By marginalizing W with respect to k, we obtain the marginal conditional weight matrices $W_k$, for $k=2,\ldots ,K$. The weight $w_{m}^{\text {(up)}}$ is the mean of the conditional weights of the I groups, relative to the $m-$th $(K-1)-$variate support point.

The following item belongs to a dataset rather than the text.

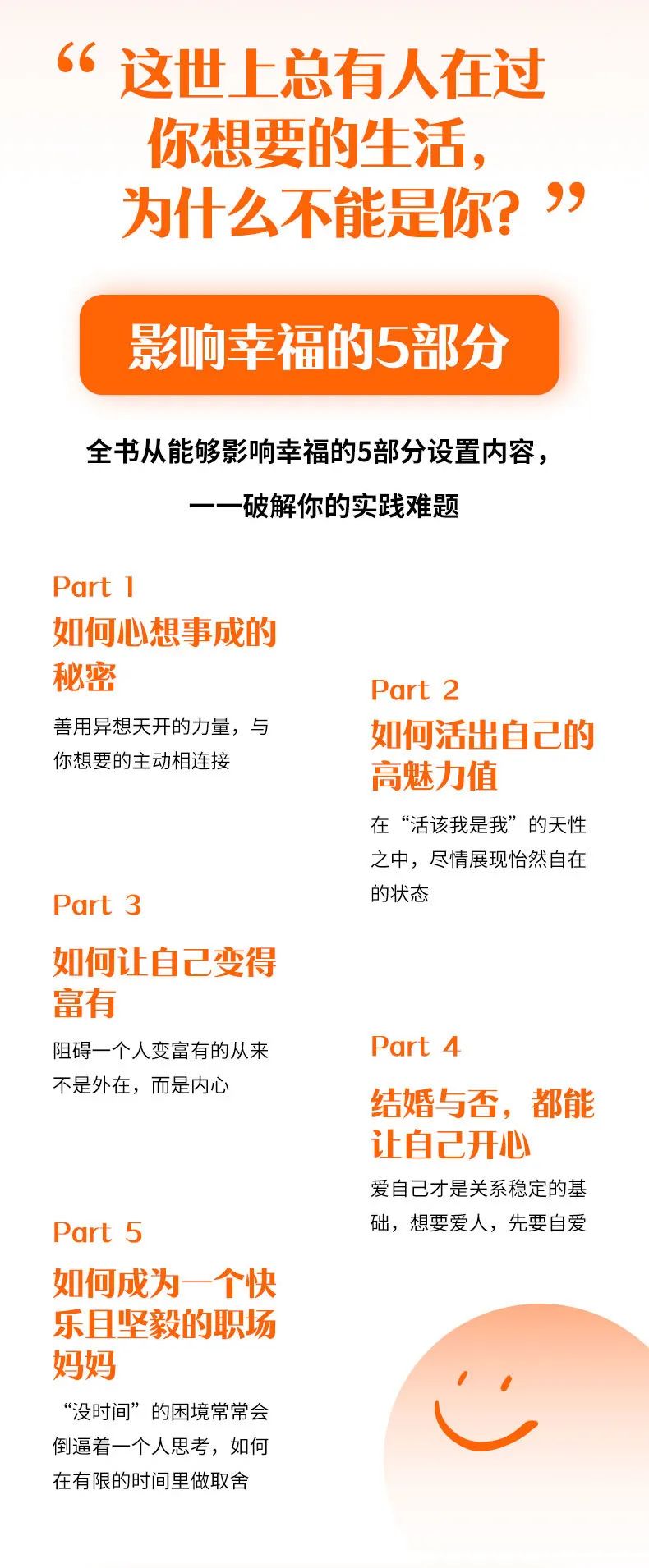 她把自己的经验总结成书,给出了最适用于普通人的幸福方法论。《你也可以活成想要的幸福模样》一书,共分为五个部分,详细阐述了可以活得幸福的五大方面:心想事成的秘密、活出自己的高魅力值、让自己变得富有、爱自己才是关系稳定的基础以及如何成为一个快乐且坚毅的妈妈。书中金句不断,读来颇有醍醐灌顶之感。

The maximization step in Eq. 10 involves two steps, and it is done iteratively. In the first step, thanks to the convexity of the logarithm, for each category k, for $k=2,\ldots ,K$, we compute the $\mathop {\mathrm {arg\,max}}\limits $ with respect to the support points $\textbf{b}_{m_kk}$, for $m_k=1,\ldots ,M_k$, keeping $\varvec{A}$ and $\textbf{b}_l$, for $l \ne k$, fixed to the values computed at the previous iteration. In this way, we can maximize the expected log-likelihood (computed in the expectation step) with respect to all support points $\textbf{b}_{m_kk}$ separately, i.e.,

$$\begin{aligned} \textbf{b}_{m_kk}^{\text {(up)}} =&\text {arg max}_{\textbf{b}_k} \sum _{c_{m_k}=1}^{C_{\text {tot},k}}\sum _{i=1}^I W_{ic_{m_k}} \ln p(\textbf{y}_i| \varvec{A}, \textbf{b}_k,\textbf{B}^{\text {(old)}}_{c_{m_{k}}}) \nonumber \\&m_k = 1,\ldots ,M_k, \quad k=2,\ldots ,K. \end{aligned}$$

(13)

where $C_{\text {tot},k} = M_{\text {tot}}/M_k$ is the number of $(K-1)-$variate support points that have $m_k$ as marginal support point for category k. $W_{ic_{m_k}}$ represents the probability that group i belongs to the latent subpopulation $c_{m_k}$, that is identified by $m_k$, relatively to category k, and the support points relative to the other $K-2$ categories that correspond to the $c_{m_k}-$th combination. $\textbf{B}^{\text {(old)}}_{c_{m_{k}}}$ is the set of random effects, estimated at the previous iteration, relative to categories $(2, \ldots , k-1, k+1, \ldots , K)$, that compose the $c_{m_k}-$th combination with $m_k$. In particular,

$$\begin{aligned} p(\textbf{y}_i| \varvec{A}, \textbf{b}_k,\textbf{B}^{\text {(old)}}_{c_{m_{k}}}) \!=\! \frac{ \left( \sum _{\gamma =1}^{K} \left( \sum _{j=1}^{n_i}\textbf{1}_{\{y_{ij}=\gamma \}}\right) \right) ! }{\prod _{\gamma =1}^{K} \left( \left( \sum _{j=1}^{n_i}\textbf{1}_{\{y_{ij}=\gamma \}}\right) !\right) } \times \prod _{j=1}^{n_i} \prod _{\gamma =1}^K \!\left( \frac{\exp (\eta _{ij\gamma })}{1\!+\!\sum _{\nu =2}^K \exp (\eta _{ij\nu })} \right) ^{\{\textbf{1}_{y_{ij}=\gamma }\}}, \end{aligned}$$

(14)

where

$$\begin{aligned} \eta _{ij\gamma }= {\left\{ \begin{array}{ll} \textbf{x}_{ij}' \varvec{\alpha }_k + \textbf{z}_{ij}' \textbf{b}_{k} &{} \text {if} \quad \gamma =k \\ \textbf{x}_{ij}' \varvec{\alpha }_\gamma + \textbf{z}_{ij}' \textbf{b}_{(m_\gamma \gamma )_{c_{m_k}}}^{\text {(old)}} &{} \text {if} \quad \gamma \ne k \end{array}\right. } \quad . \end{aligned}$$

(15)

$\textbf{b}_{(m_\gamma \gamma )_{c_{m_k}}}^{\text {(old)}}$ are the random effects relative to the support point ${(m_\gamma \gamma )}_{c_{m_k}}$, that is the support point relative to category $\gamma $ that compose the $c_{m_k}-$th combination with $m_k$.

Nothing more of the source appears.